If all goes well, this week I will benefit directly from vaccine diplomacy. My feelings about that are a little complicated.
These are not as complicated as what the defense secretary or the foreign affairs secretary have to deal with, obviously. In April, Defense Secretary Delfin Lorenzana remarked that more than 40 Chinese vessels ought to leave Julian Felipe Reef in the West Philippine Sea. The month before that, Rappler’s Jairo Bolledo reported that as many as 183 Chinese vessels, some of them associated with the Chinese maritime militia, had surrounded the island.
Just last Monday, the Department of Foreign Affairs said it had filed two diplomatic protests against China, one over the “unauthorized and lingering presence” of Chinese Coast Guard vessels in Philippine waters. Before that, the often-colorful Foreign Affairs Secretary Teodoro Locsin Jr. tweeted: “China, my friend, how politely can I put it? Let me see...O...GET THE F*** OUT. What are you doing to our friendship? You. Not us. We’re trying.”

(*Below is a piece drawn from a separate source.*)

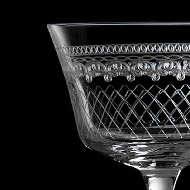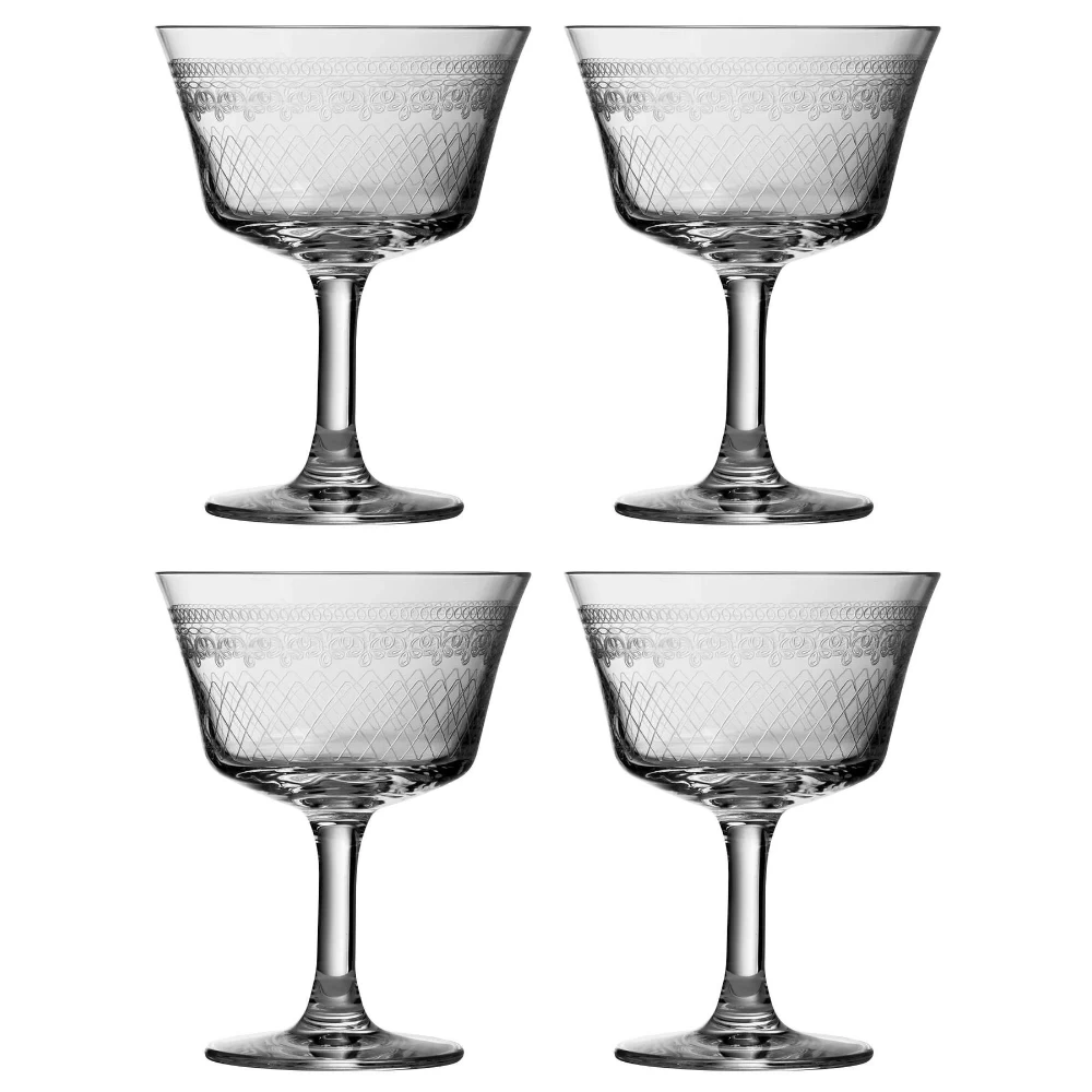 The 1910 Retro Fizz Cocktail Glass has an elegant Prohibition era aesthetic with its etched pattern inspired by classic Lady Hamilton Pall Mall design. Premium crystal offers excellent transparency complimenting the etched decoration for a beautiful sparkling finish.

Both officials were sending the right signals, I thought. And then last Friday, I found out that I was on the list of individuals who had been approved to receive a first Sinovac dose this coming week. Since the vaccines were procured using taxpayers’ funds, I know I don’t have to feel indebted to China’s state-owned pharmaceutical industry or its government’s policy of either donating or selling vaccines to nearly a hundred countries in need of these vaccines.
And yet I felt less inclined to read more about the ongoing Chinese incursions into Philippine waters or to retweet some expression of anger provoked by it. I really want to get that vaccine.
So, is this how vaccine diplomacy wins the hearts and minds of ordinary citizens?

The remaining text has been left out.